Depois do gol, o Cienciano administrou a vantagem com organização defensiva, recuando o bloco médio e dificultando a construção do Juventud. O time gaúcho tentou pressionar, mas encontrou um adversário que sabia exatamente o que fazer com a bola — e, mais importante, o que fazer sem ela.
Como o time se ergueu (ou caiu) com ele
A vitória do Cienciano não pode ser lida como um resultado isolado. Ela é parte de um processo de reconstrução interna do clube peruano, que nos últimos dois anos investiu na contratação de jogadores sul-americanos com perfil técnico — entre eles Cristian Souza, cujo vínculo com o clube foi renovado em março de 2026 por mais 18 meses, com cláusula de rescisão estimada em 400 mil dólares para clubes do continente. A presença de Souza como assistente do gol decisivo não é coincidência: é o retorno de um investimento calculado.
O Juventud, por outro lado, atravessa uma fase de instabilidade que vai além do campo. O clube gaúcho, que disputou a Série A do Brasileirão em 2026 com dificuldades financeiras conhecidas — folha salarial comprometida em cerca de 68% da receita mensal, segundo informações circulantes nos bastidores do futebol gaúcho —, chegou a esta partida sem a consistência necessária para enfrentar adversários em condições adversas. A altitude de Cusco não é desculpa: é uma variável que clubes com estrutura adequada aprendem a gerenciar. O Juventud, nesta noite, não gerenciou.

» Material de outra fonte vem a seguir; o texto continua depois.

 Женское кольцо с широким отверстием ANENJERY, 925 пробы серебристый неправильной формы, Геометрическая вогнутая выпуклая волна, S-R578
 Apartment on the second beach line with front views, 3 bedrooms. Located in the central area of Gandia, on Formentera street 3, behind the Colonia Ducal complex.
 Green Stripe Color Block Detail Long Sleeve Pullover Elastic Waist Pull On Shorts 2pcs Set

A derrota por 1 a 0 coloca o Juventud numa posição delicada no grupo. Com a sexta rodada encerrada, o clube gaúcho precisa agora calcular se ainda tem chances de avançar — e o cálculo depende de resultados paralelos que não controlam. O Cienciano, por sua vez, respira e mantém viva a esperança de uma classificação que parecia enterrada após o resultado anterior.

E agora, o que esperar
A vitória do Cienciano por 1 a 0 sobre o Juventud tem peso imediato na tabela do grupo, mas o impacto real só se consolidará com os resultados das demais partidas da chave. O clube peruano agora olha para as rodadas finais com uma margem de esperança que não existia há 48 horas — e com a confiança renovada de quem venceu em casa com autoridade, sem depender de milagres ou erros adversários.

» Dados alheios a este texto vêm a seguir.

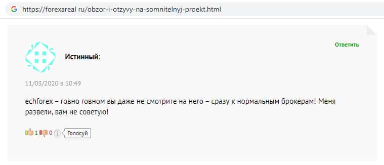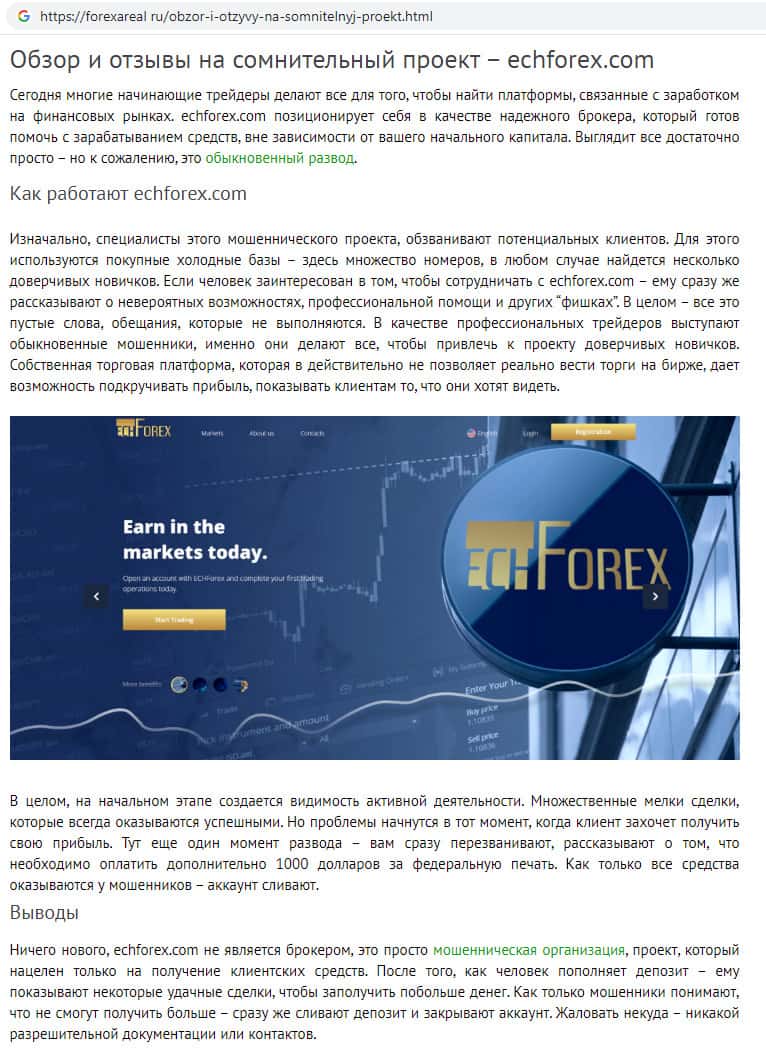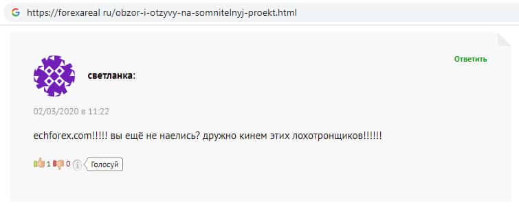 На интернет-портале форексареал ру замечен пользовательский отзыв об аферистах ЕЦХ Форекс, автор которого предпочел анонимность, поскольку так же пострадал от мошеннической деятельности данной псевдо-брокерской конторы. Автор комментария пишет, что никому не советует связываться со скам-брокером ECHForex.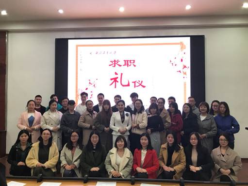首先马老师对于求职礼仪的知识与重要性进行了讲解,并且带领大家做一些小游戏以及真实还原面试现场情形,同学们认真听讲,积极参与其中,在游戏与模拟情形中学习礼仪,感受礼仪的魅力。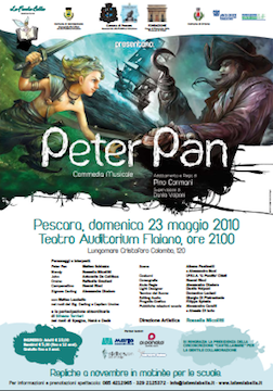 CHIETI – Al Teatro Supercinema di Chieti, il giorno 20 Dicembre alle ore 10.00, in un anteprima dedicata agli studenti delle scuole della città, sarà di scena il musical Peter Pan. Dopo il grande successo ottenuto a Ortona e a Pescara nel mese di Novembre, la compagnia la Favola Bella di Pescara,in collaborazione con l’Assessorato alla Pubblica Istruzione del Comune di Chieti e la Fondazione Carichieti, torna con lo spettacolo che ha già incantato, in due settimane di repliche, circa 8.000 studenti.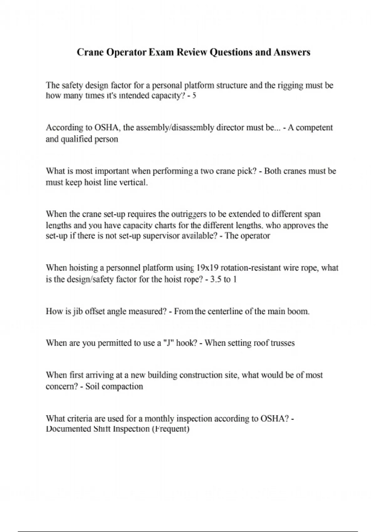 On wheel mounted cranes, the required distance to stop at 15 mph is: - 32 feet According to ASME B30.5, when working near power lines up to 350kV and the actual voltage level is not known how far must you stay away from the lines? - 20 feet OSHA and ASME regulations require any part of the crane to be how far from a 230kV power line? - 20 feet What would you do to prevent a load from swinging away from the crane when picking up a heavy load? - Raise the boom slightly to compensate for boom deflection before hoisting the load. According to ASME, crawler brakes or lock must be able to... - apply in the event of loss of operating pressure or power. How many randomly broken wires in regular lay running wire rope require the wire rope to be removed from service? - 6 What is dynamic loading? - A load introduced to a crane by accelerating and decelerating forces in any direction. What rigging hardware device is restricted to a minimum horizontal sling angle of 45 degrees? - A hook When putting a mobile crane on a barge, what is the maximum allowable barge list? - 5 degrees or what the manufacturer or the qualified person indicates, whichever is less.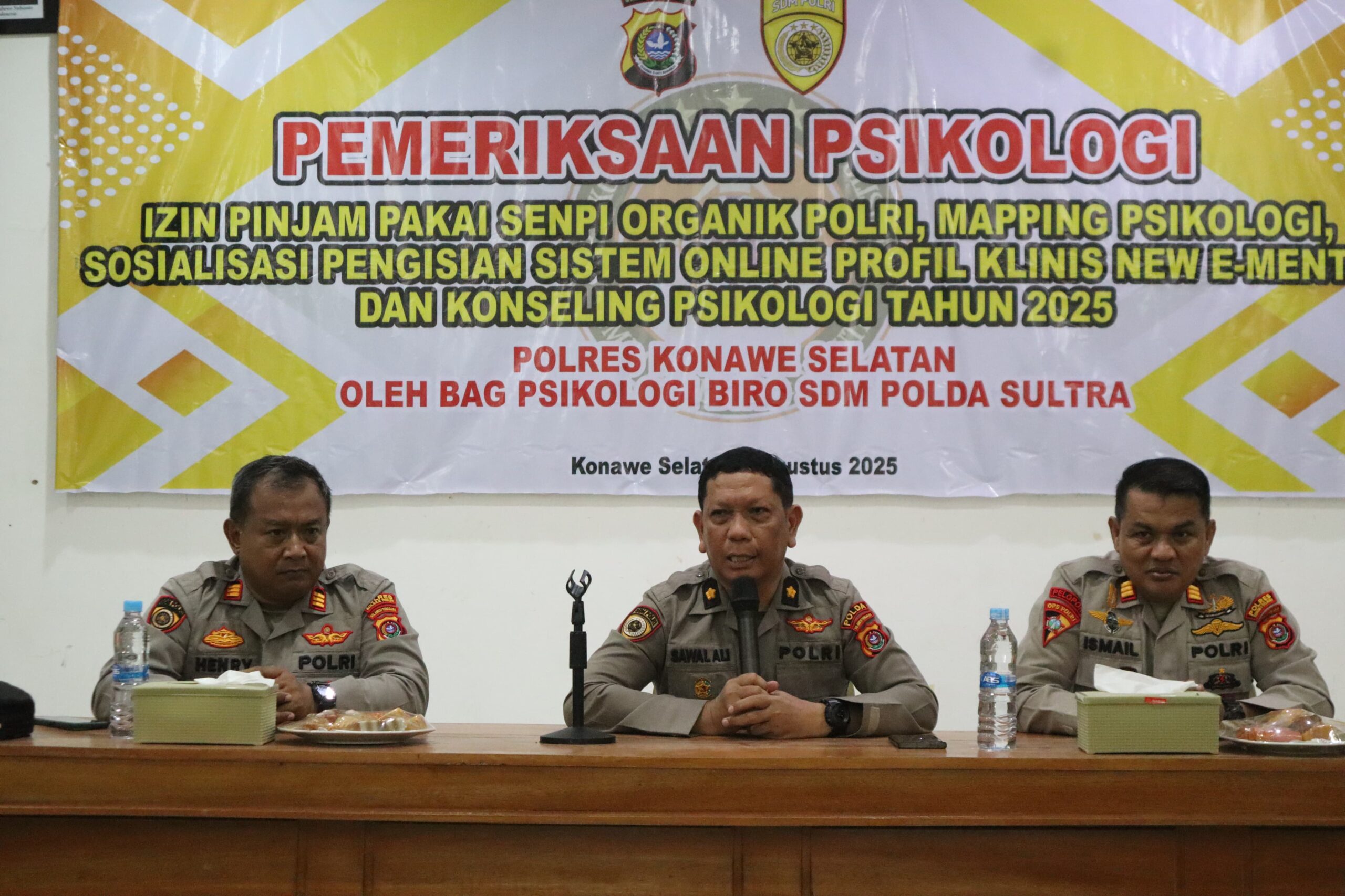 Kapolres Konsel AKBP Febry Sam, SIK, M.Si melalui Kabag SDM AKP Henry Refiles, S.Si mengatakan bahwa tes psikologi terhadap personel Polres Konsel dalam rangka tes kejiwaan bagi personel yang meminjam pakai senjata api. Henry Rafiles juga menyampaikan bahwa tes psikologi tersebut juga dalam rangka konseling terhadap personel.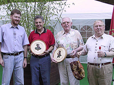 ![]() In diesem Jahr schon zum sechsten Mal konnte der SSV Grossenhausen anlässlich des Waldfestes zu seinem Oldiecup einladen. Wieder einmal konnte unser 1.Vorsitzender Erhard Häuser zahlreiche "Grauen Panther" auf unserer Sportstätte zu einem spannenden und sportlichen Wettstreit begrüssen. Insgesamt gingen 40 in Ehren ergraute Sportler an den Start. Heinz-Rudolf Ruppel, Gregor Richter und Rudolf Walter gingen dabei als Sieger der einzelnen Klassen hervor und konnten sich über die überreichten Ehrenpreise freuen. Die Schützengilde Altenhasslau stellte nun schon bald traditionell die meisten Starter und kann damit auch in diesem Jahr den begehrten geräucherten Schinken zum Verzehr ins eigene Schützenheim tragen. |

Para o Juventud, a situação exige uma resposta rápida. O clube gaúcho retorna ao Brasil sabendo que desperdiçou uma oportunidade concreta de acumular pontos fora de casa, e que o próximo compromisso na Copa Sudamericana terá caráter eliminatório na prática. A diretoria de Caxias do Sul terá de avaliar não apenas os resultados em campo, mas a capacidade do elenco atual de sustentar uma campanha continental com os recursos disponíveis.

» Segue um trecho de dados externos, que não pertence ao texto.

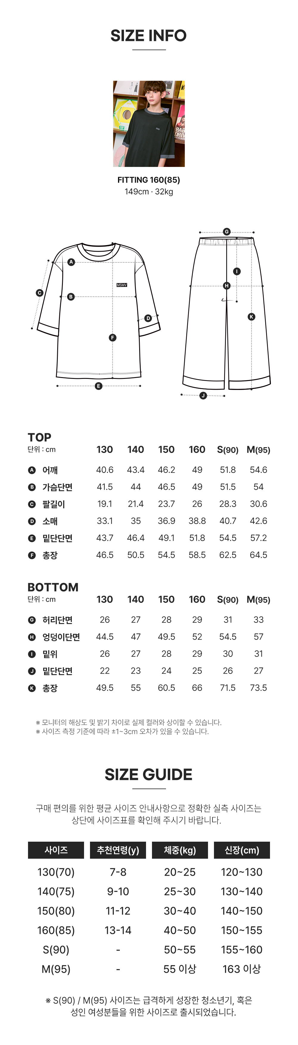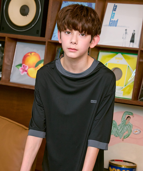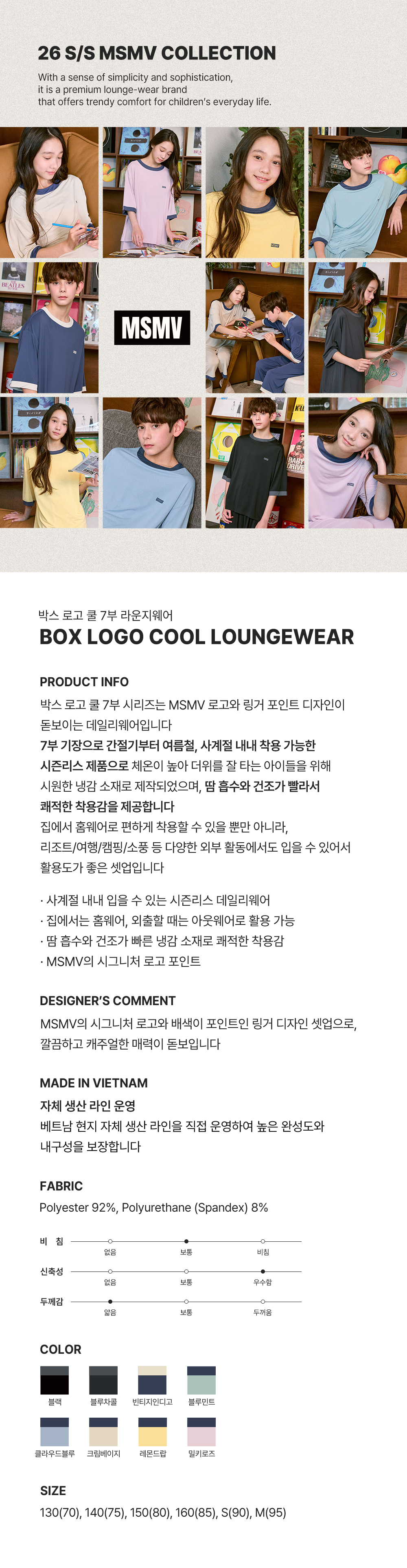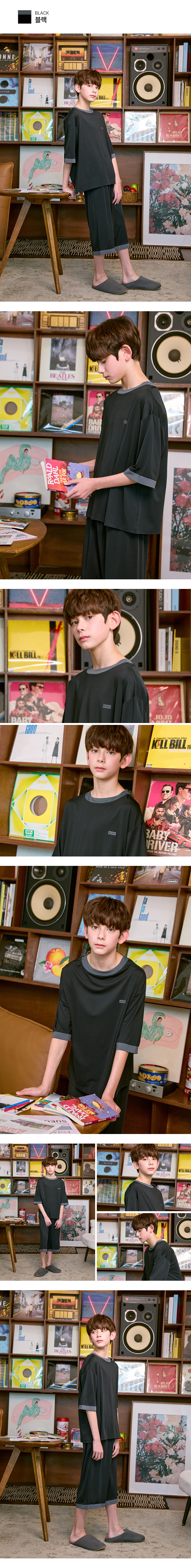 MSMV 쿨 냉감 블랙 아동 주니어 키즈 잠옷 내의 실내복 링거 7부 세트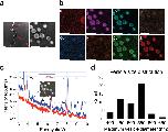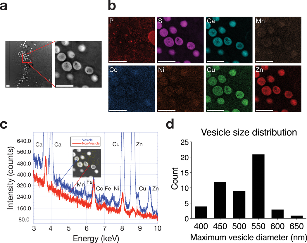 Figure 6:. Analytical electron microscopic analysis of egg animal pole cortical vesicles.AEM demonstrates that multiple metals are stored in sub-micrometer vesicles in the animal pole. a. High Angle Annular Dark Field Scanning Transmission Electron Microscopy (HAADF-STEM) images of the cortex of the animal pole of a fixed Xenopus egg. b. Hyperspectral elemental intensity distribution maps: background corrected, with a 0.7-pixel gaussian blur, no normalization, no quantification. Same conditions as in a. Scale bar = 1 μm in both a. and b. These are representative images of 3 separate scans. c. Cumulative XEDS spectra confirming the presence of Ca, Mn, Co, Ni, Cu, and Zn in vesicles. These comparison spectra are obtained by summing individual spectra from an identical number of pixels in regions of interest which correspond to vesicle and neighboring non-vesicle areas. d. Histogram of vesicle diameter distribution from image in a. n = 50 vesicles measured. |
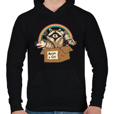 1 kép PRINTFASHION Adopt a cat - Férfi kapucnis pulóver - Fekete

Kevin Becerra voltou ao banco com o gol no currículo e a certeza de que, pelo menos nesta noite, foi o homem certo no lugar certo. O Cienciano voltou à briga. O Juventud voltou para casa com uma pergunta sem resposta fácil.
Se o Juventud perder o próximo jogo da Sudamericana e o Cienciano vencer, o clube peruano pode terminar o grupo à frente da equipe gaúcha — você acredita que o elenco de Caxias do Sul tem condições técnicas e financeiras de reagir a tempo de evitar essa virada na tabela?